INDIANAPOLIS -- Doug Williams was blunt about his thoughts on the Washington Redskins' running back position.
“We need to upgrade at running back, ain’t no doubt about it,” the Redskins’ senior vice president of player personnel said. “Nobody is gonna sit here and sugarcoat the fact that we had a good running game. We averaged about 1.4 yards per carry. To say we’re good with the running backs would not be fair to the team.”
It shouldn’t have been a secret before Williams spoke those words at the combine that Washington wanted to upgrade at the position. The Redskins have some parts that can work but no one who has proved capable of being the full-time starter. Chris Thompson was one of their most important offensive players last season, but he’s viewed as a third-down back. He’s also coming off an injury.
The numbers speak to the issue. Last season, Washington ranked 28th in rushing yards, 30th in yards per carry, 28th in yards per carry before contact and 20th in yards after first contact.
Injuries at running back and along the line certainly played a role.

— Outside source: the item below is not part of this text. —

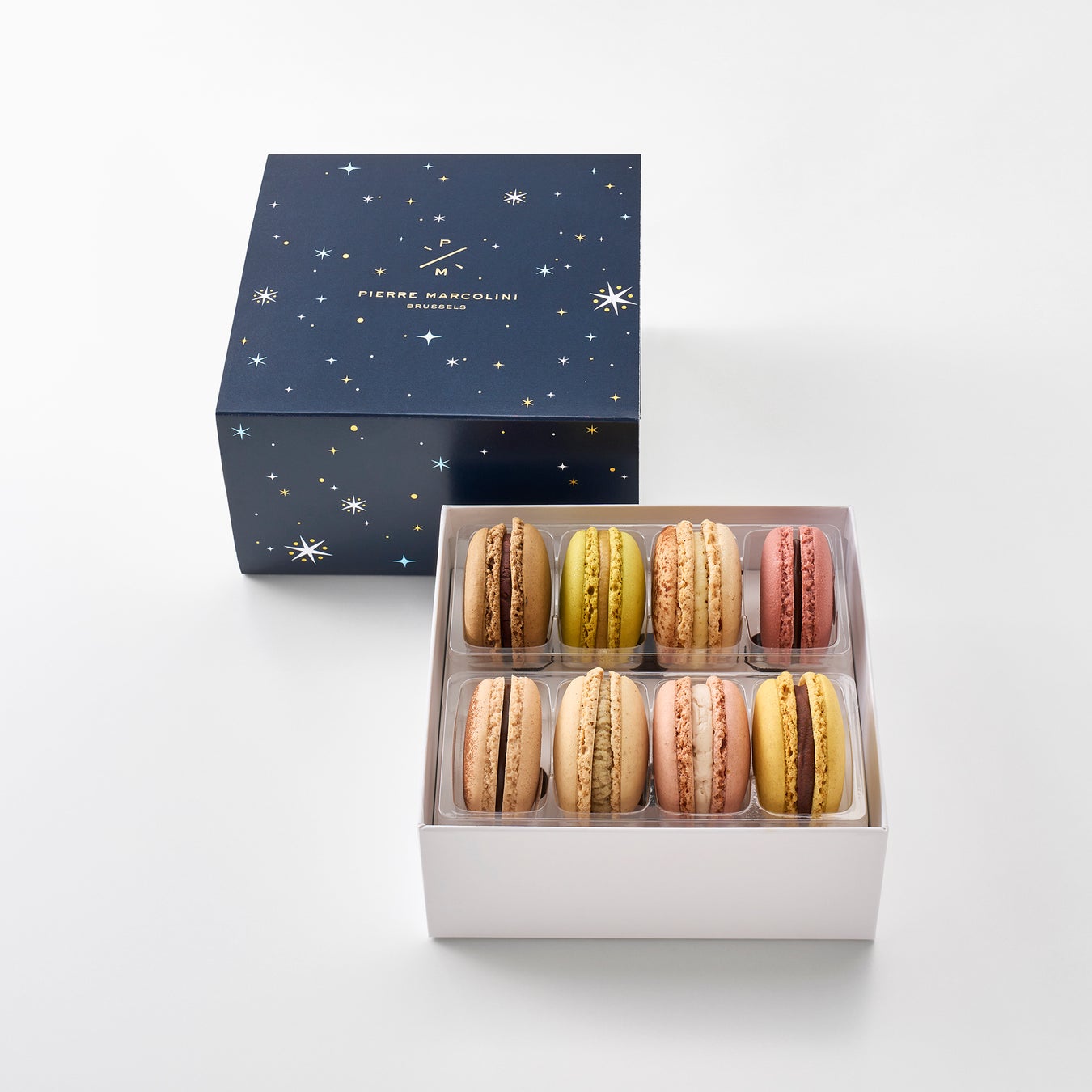 ホリデーシーズン限定パッケージに、季節限定フレーバー「ティラミス」ほか、8種類の マカロンを詰め合わせました。

There was inconsistent blocking at tight end and receiver as well. In 2016, with a healthier group, the Redskins were 21st in rushing, ninth in yards per carry, 17th in yards before first contact and fifth in yards after first contact. In other words, it was better but inconsistent. And what they want is someone who, when the play is not blocked properly, can still create for himself. The Redskins had an NFL-low three carries that went for 20 or more yards (16 fewer than the No. 1 team, Philadelphia).
At the combine, after top-rated Saquon Barkley, the Redskins were impressed with LSU’s Derrius Guice during the interviews. He was considered a “personality.” They also liked how he competed last season, playing while hurt.
The Redskins realize it’s a deep running back draft class, so it’s not as if every name they like was discussed. But others to watch include San Diego State’s Rashaad Penny, who ran a 4.46 in the 40-yard dash at the combine. Arizona State’s Kalen Ballage opened eyes when he ran the same time, forcing the Redskins to go back and watch more film on him. That sort of speed combined with his size (6-foot-2, 223 pounds) will make him intriguing, but he also was never the full-time guy at Arizona State. He’s likely a later-round pick.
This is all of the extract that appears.